This is a healthy, heartwarming and mouth-watering dinner to “beet” the winter blues.
Roasted rack of lamb accented with a white bean puree and raw beet salad
Recipes by James Eddington
Eddington’s of Exeter
527 Main Street, Exeter
519-235-3030 – www.eddingtons.ca
Photos by Casey Lessard
Rack of Lamb
Marinate rack of lamb with fresh garlic, rosemary and sea salt.
Bake in 375ºF oven for 25-30 minutes.
Remove from oven and cover in foil (let lamb rest for about 10 minutes).
Take pan drippings and sear with 1 oz of red wine, splash of balsamic vinegar, 1 tbsp of Dijon mustard, 1 tsp of honey, and about 1/4 cup of diced peppers and/or tomato.
Carve rack of lamb along bone lines about 3/4 of the way through. Pour sauce (pan drippings) over cut lamb once plated.
White Been Puree
(can be made a day ahead)
This is a great substitute for potatoes. High in protein, fiber, magnesium, potassium, and iron.
Soak one cup of white beans in four cups of water overnight.

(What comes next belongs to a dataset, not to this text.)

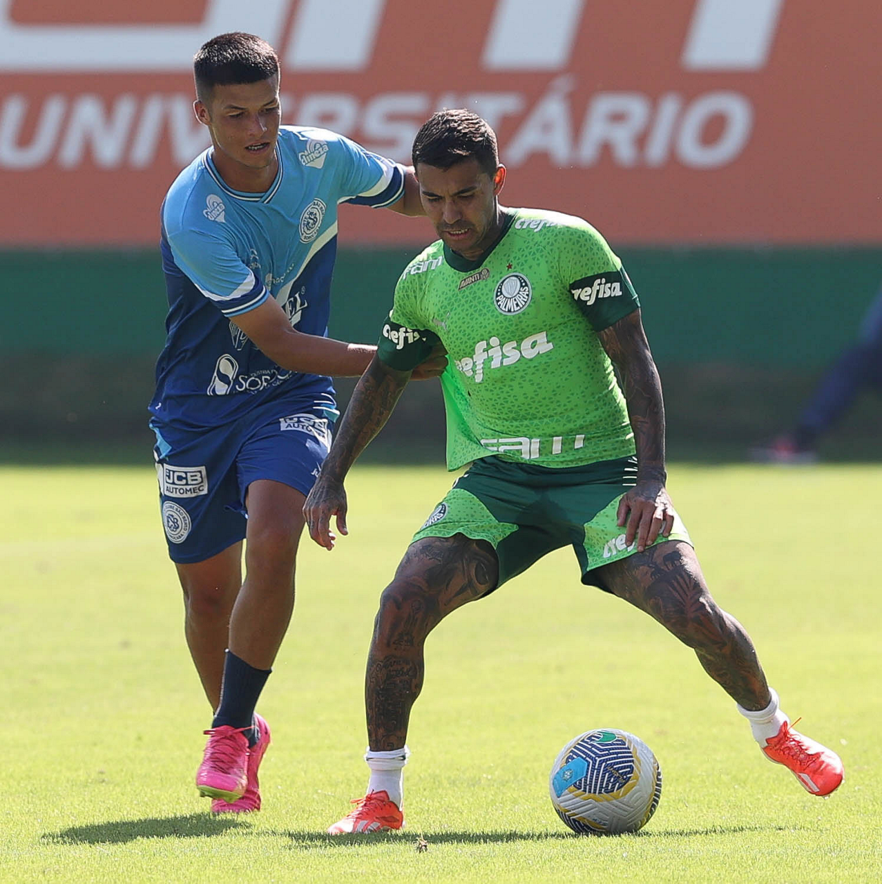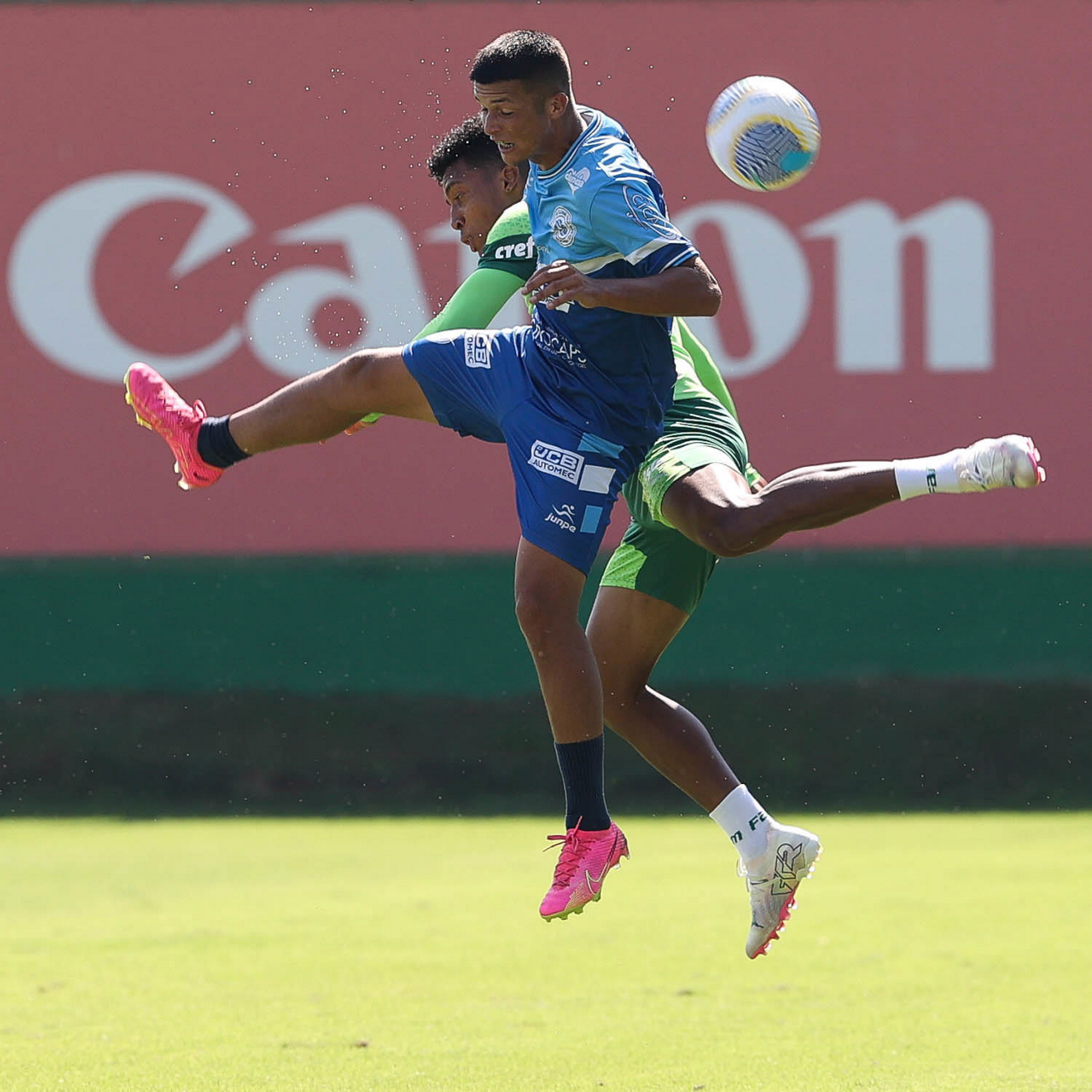 Os jogadores Gabriel Menino e Rômulo (D), da SE Palmeiras, durante jogo-treino contra a equipe do São Bento, na Academia de Futebol. (Foto: Cesar Greco/Palmeiras/by Canon)

Sautée one white onion, 1/2 stock of celery, and three cloves of garlic in butter or oil.
Add about 2L of water (chicken stock or vegetable stock adds extra flavor), bring to boil then add pre-soaked beans.
Boil for at least two hours or until beans soften.
Add pinch of sugar, salt and pepper to taste.
Drain remaining water/stock.
Mash (just like potatoes) or purée in blender once cooled.
This can be refrigerated for up to two days. It actually has better consistency once refrigerated.
Re heat in sauté pan with 1 oz heavy cream, garlic, salt and pepper to taste. (Will look and feel like whipped potatoes)
Raw Beet Salad
(can be made day ahead)
High in B vitamins, beets are a natural blood cleanser and very colorful for presentation.
Julienne (Cut into long thin strips) four large beets and two large carrots. You can also put through food processor or grate.
In large bowl combine 2 oz rice wine vinegar, 1 oz balsamic vinegar, 3 oz apple juice, juice squeezed from one lemon, and honey to thicken (add small amount of honey at first, and add more if too bitter, until desired sweetness is met), whisk together and mix beets and carrots to mixture. Let sit for at least an hour in fridge; overnight is best.
Adding sun-dried cranberries, dried apricots etc., gives extra flavor and depth to salad.